-- TASK --
Given these entries, repeat exactly the lines starting with the one that has "1.第一步,先打开云上南部App,在主页下方找到并点击【南部圈】这个选项。" and going on through the one that has "Mampara de bañera", both included, but none of the pictures.

-- DATA IN THIS EXERCISE --
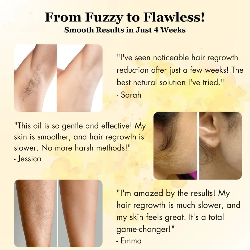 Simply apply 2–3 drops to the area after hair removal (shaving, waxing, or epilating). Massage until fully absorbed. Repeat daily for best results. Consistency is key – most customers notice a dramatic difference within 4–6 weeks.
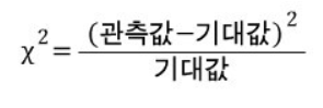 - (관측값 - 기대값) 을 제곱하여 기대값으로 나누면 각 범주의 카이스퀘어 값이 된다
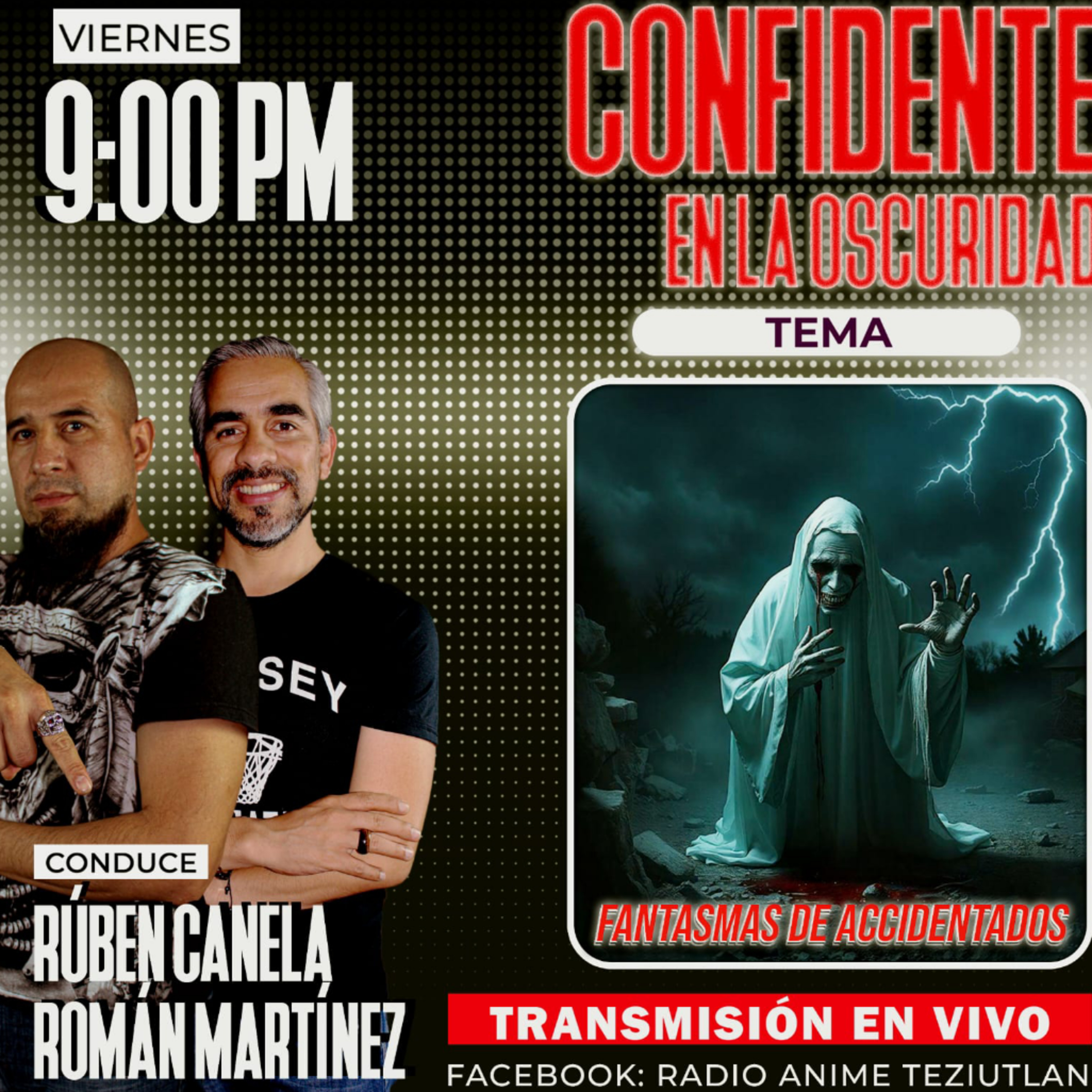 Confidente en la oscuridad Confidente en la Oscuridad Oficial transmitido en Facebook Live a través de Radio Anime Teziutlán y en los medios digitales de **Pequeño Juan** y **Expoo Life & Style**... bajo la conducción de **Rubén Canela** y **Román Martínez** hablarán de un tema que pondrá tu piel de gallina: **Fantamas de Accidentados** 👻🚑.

--

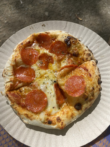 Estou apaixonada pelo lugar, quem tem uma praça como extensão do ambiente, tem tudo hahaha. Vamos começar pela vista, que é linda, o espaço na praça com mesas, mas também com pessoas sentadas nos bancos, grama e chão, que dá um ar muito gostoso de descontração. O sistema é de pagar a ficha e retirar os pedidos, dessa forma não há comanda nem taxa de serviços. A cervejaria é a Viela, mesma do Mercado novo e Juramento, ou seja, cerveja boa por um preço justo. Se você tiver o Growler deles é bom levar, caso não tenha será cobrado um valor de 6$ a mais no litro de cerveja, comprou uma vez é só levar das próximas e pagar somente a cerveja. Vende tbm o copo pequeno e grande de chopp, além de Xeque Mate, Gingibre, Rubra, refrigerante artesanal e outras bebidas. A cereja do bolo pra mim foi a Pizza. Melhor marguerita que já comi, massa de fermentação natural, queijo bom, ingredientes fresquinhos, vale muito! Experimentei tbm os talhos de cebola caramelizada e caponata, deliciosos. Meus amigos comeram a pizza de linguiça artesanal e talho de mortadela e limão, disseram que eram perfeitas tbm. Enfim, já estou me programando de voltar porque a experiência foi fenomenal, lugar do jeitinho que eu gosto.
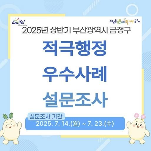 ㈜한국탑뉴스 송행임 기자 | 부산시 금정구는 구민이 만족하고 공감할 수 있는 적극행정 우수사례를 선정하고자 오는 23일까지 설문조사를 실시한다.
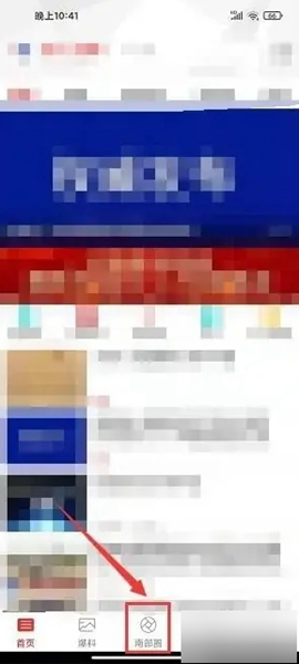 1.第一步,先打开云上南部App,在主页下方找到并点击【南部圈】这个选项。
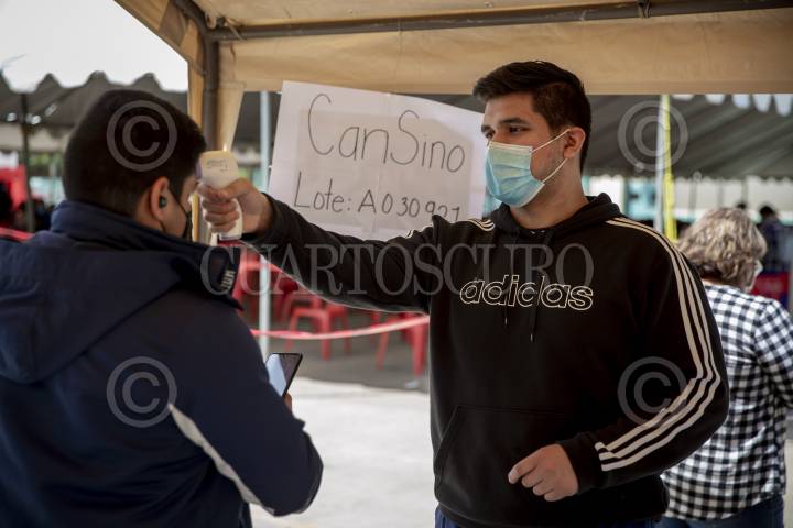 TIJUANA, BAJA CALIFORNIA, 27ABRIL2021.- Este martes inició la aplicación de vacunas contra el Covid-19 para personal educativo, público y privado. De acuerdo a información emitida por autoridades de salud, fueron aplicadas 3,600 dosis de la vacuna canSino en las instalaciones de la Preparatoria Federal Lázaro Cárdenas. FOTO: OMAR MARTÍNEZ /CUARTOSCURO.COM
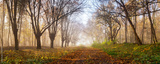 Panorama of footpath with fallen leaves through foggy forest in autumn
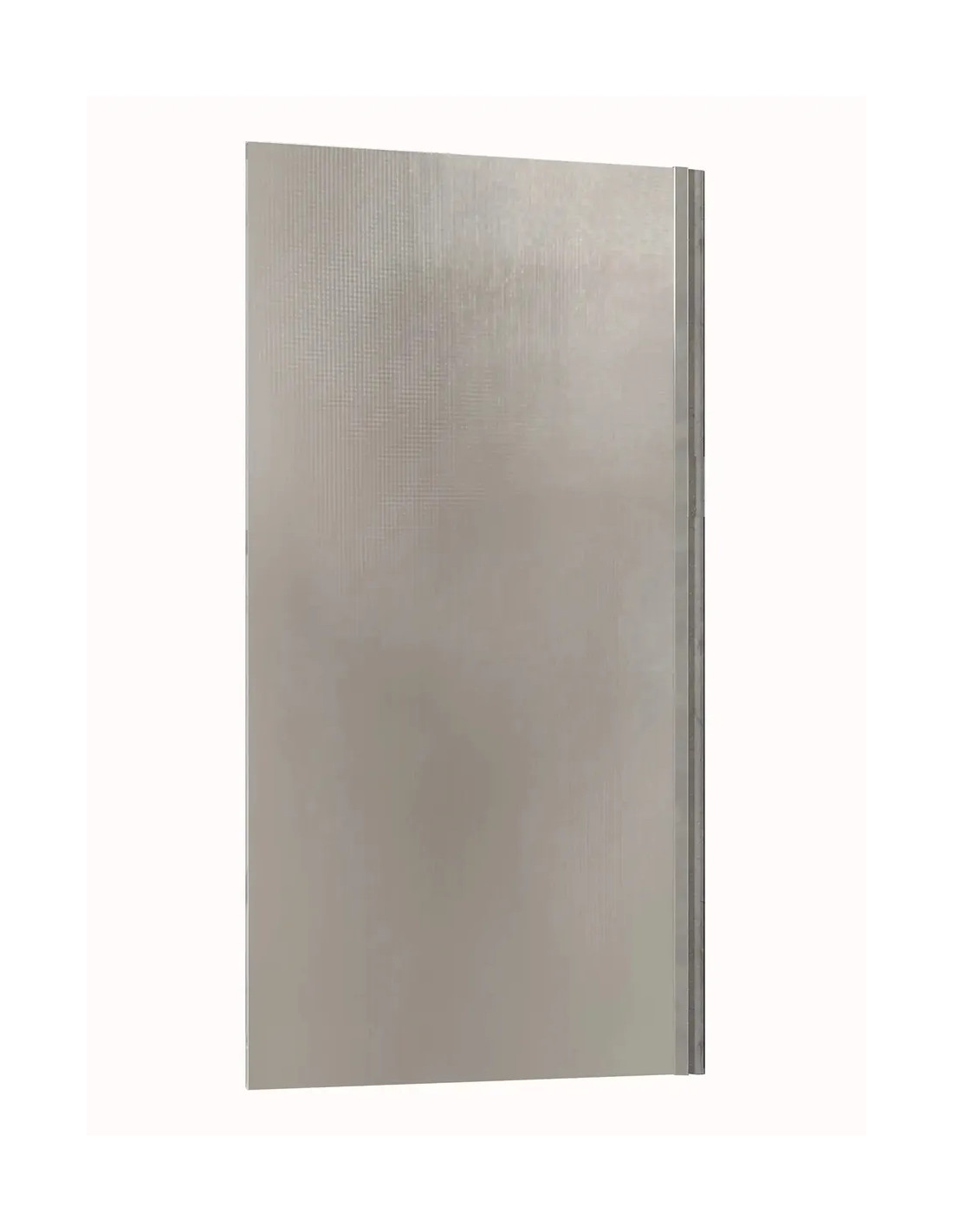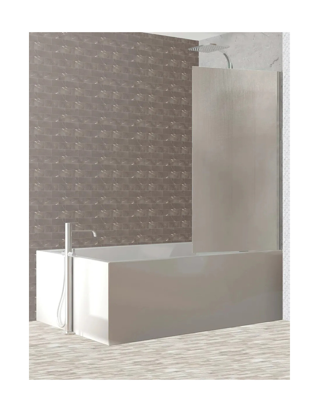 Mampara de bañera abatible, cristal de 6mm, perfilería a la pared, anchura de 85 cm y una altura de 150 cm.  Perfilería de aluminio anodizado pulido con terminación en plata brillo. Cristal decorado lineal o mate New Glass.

---

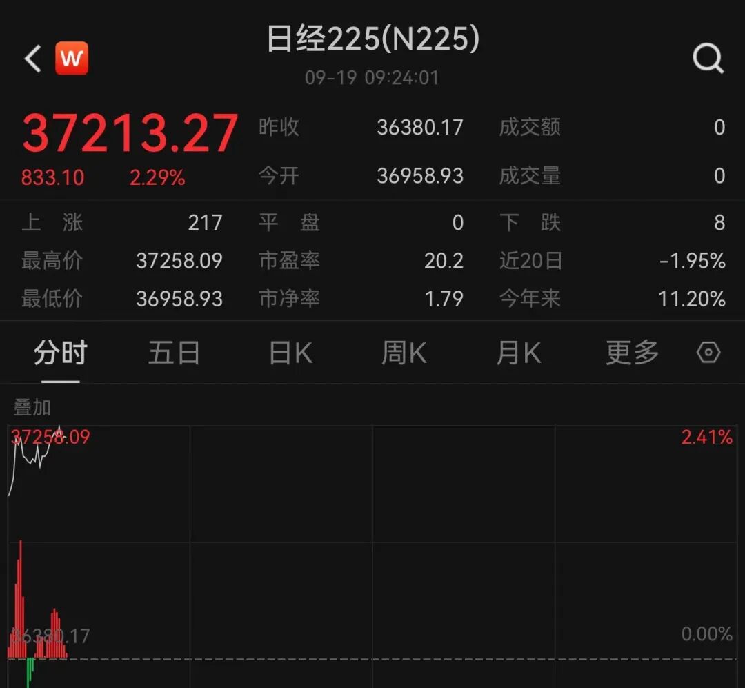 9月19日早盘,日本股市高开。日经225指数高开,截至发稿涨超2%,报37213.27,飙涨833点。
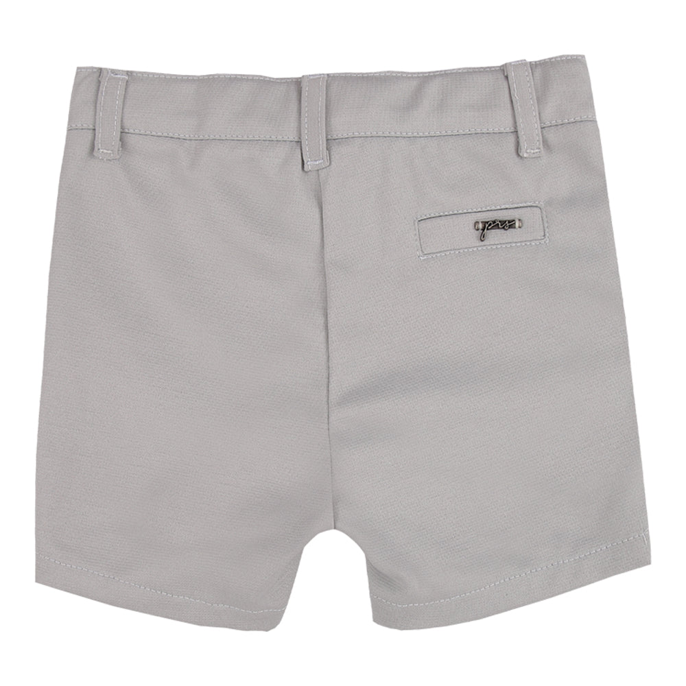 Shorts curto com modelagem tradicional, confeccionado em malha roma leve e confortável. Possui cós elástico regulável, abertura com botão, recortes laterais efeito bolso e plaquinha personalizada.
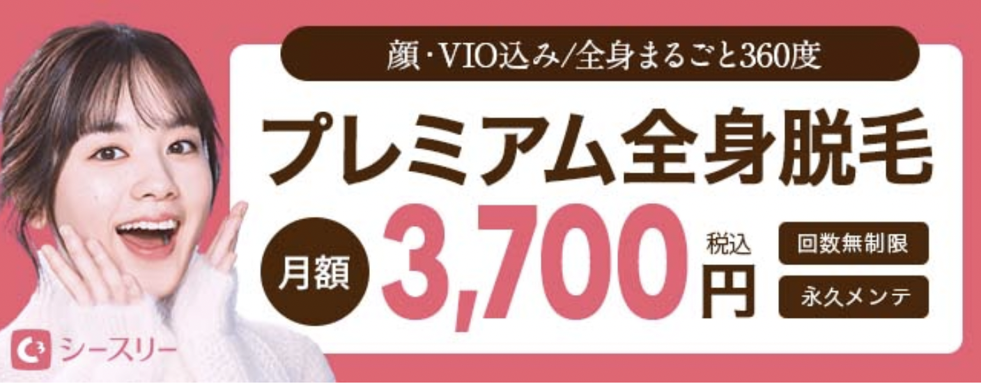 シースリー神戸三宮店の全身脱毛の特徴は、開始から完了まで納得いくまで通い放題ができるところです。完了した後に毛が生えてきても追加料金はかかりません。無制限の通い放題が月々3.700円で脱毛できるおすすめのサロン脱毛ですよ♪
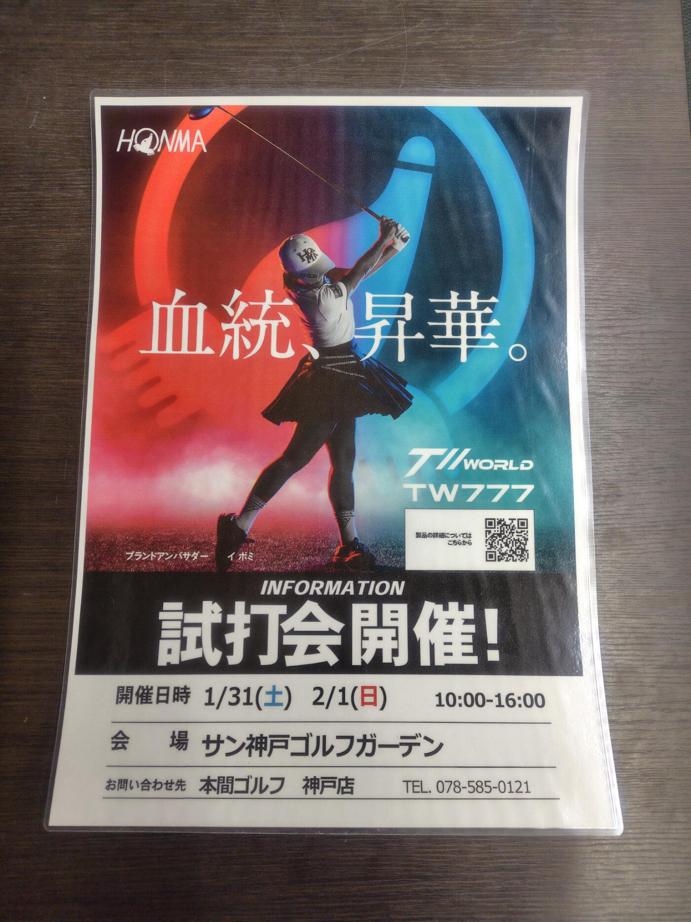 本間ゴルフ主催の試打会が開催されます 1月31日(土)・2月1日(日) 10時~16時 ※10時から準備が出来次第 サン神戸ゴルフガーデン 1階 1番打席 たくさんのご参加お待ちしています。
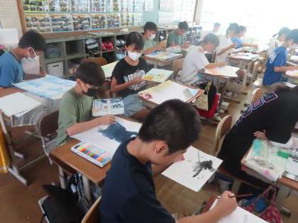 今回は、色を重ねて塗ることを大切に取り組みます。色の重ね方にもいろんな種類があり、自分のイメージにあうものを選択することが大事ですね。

-- RESPONSE TO THE EXERCISE --
 1.第一步,先打开云上南部App,在主页下方找到并点击【南部圈】这个选项。
 TIJUANA, BAJA CALIFORNIA, 27ABRIL2021.- Este martes inició la aplicación de vacunas contra el Covid-19 para personal educativo, público y privado. De acuerdo a información emitida por autoridades de salud, fueron aplicadas 3,600 dosis de la vacuna canSino en las instalaciones de la Preparatoria Federal Lázaro Cárdenas. FOTO: OMAR MARTÍNEZ /CUARTOSCURO.COM
 Panorama of footpath with fallen leaves through foggy forest in autumn
 Mampara de bañera abatible, cristal de 6mm, perfilería a la pared, anchura de 85 cm y una altura de 150 cm.  Perfilería de aluminio anodizado pulido con terminación en plata brillo. Cristal decorado lineal o mate New Glass.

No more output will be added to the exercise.